Translation assistance provided by Solomon Behar and Emily Goldman.

Oil-Based Salsa

Published in Pica y Sabe ¡Lástima que se Acabe!, courtesy of Maru Toledo


  • 1/2 pound Yahualica chiles de arbol, stems removed
  • 2 cups corn oil
  • 1 ounce toasted sesame seeds
  • 1 ounce roasted peanuts
  • Salt to taste
  • 1/2 teaspoon cumin (optional)
  • 1 garlic clove (optional)


  1. Heat the oil until hot but not smoking. Fry the chiles until the color changes without burning them.
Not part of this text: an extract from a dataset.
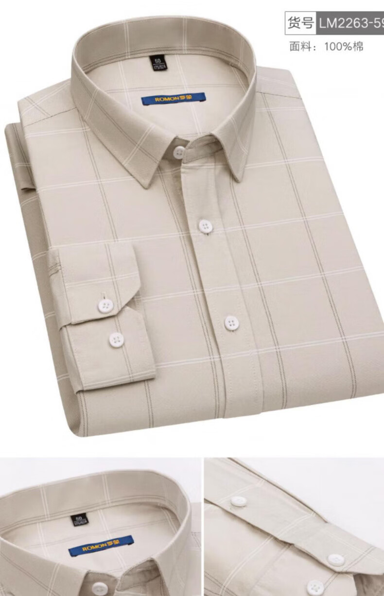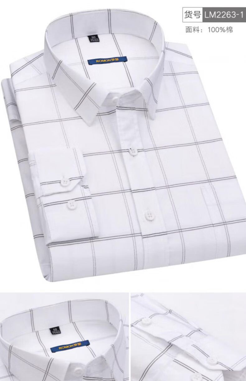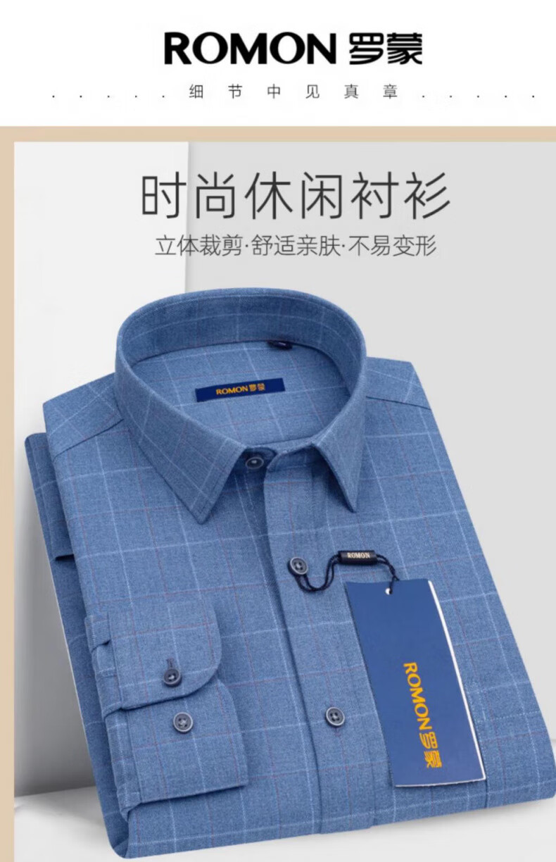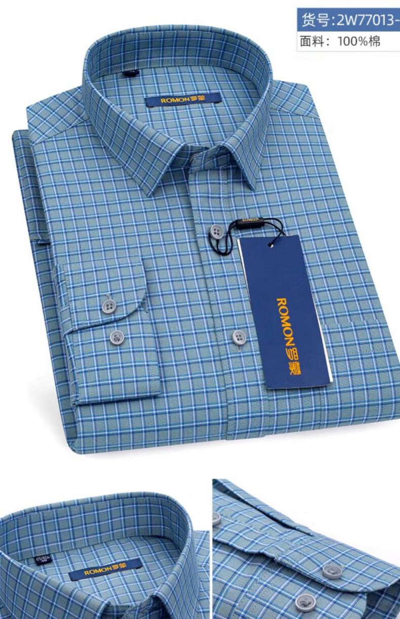 ROMON flannel plaid cotton shirt men's spring and autumn business casual middle-aged warm brushed shirt cotton dad wear 2W77057-1 41 / suitable for 145-155 Jin Jin equals 0.5 kg

Remove them quickly from the oil and let both cool separately.
  2. Blend the chile peppers, sesame seeds, peanuts, and salt with a little warm oil. Season with half a teaspoon of cumin and a garlic clove (optional). 
  3. Store in a glass container for up to 6 months and keep away from the heat. Serve with almost any Mexican dish, from quesadillas to carne asada to tacos.

Notes and Tips

Yahualica chiles are produced in only 11 municipalities in Jalisco and Zacatecas. The chiles are sold dried in local markets, but can be purchased in many places throughout the U.S. and Europe as dried chiles de arbol. Pair this chile with a two- or three-year aged tequila.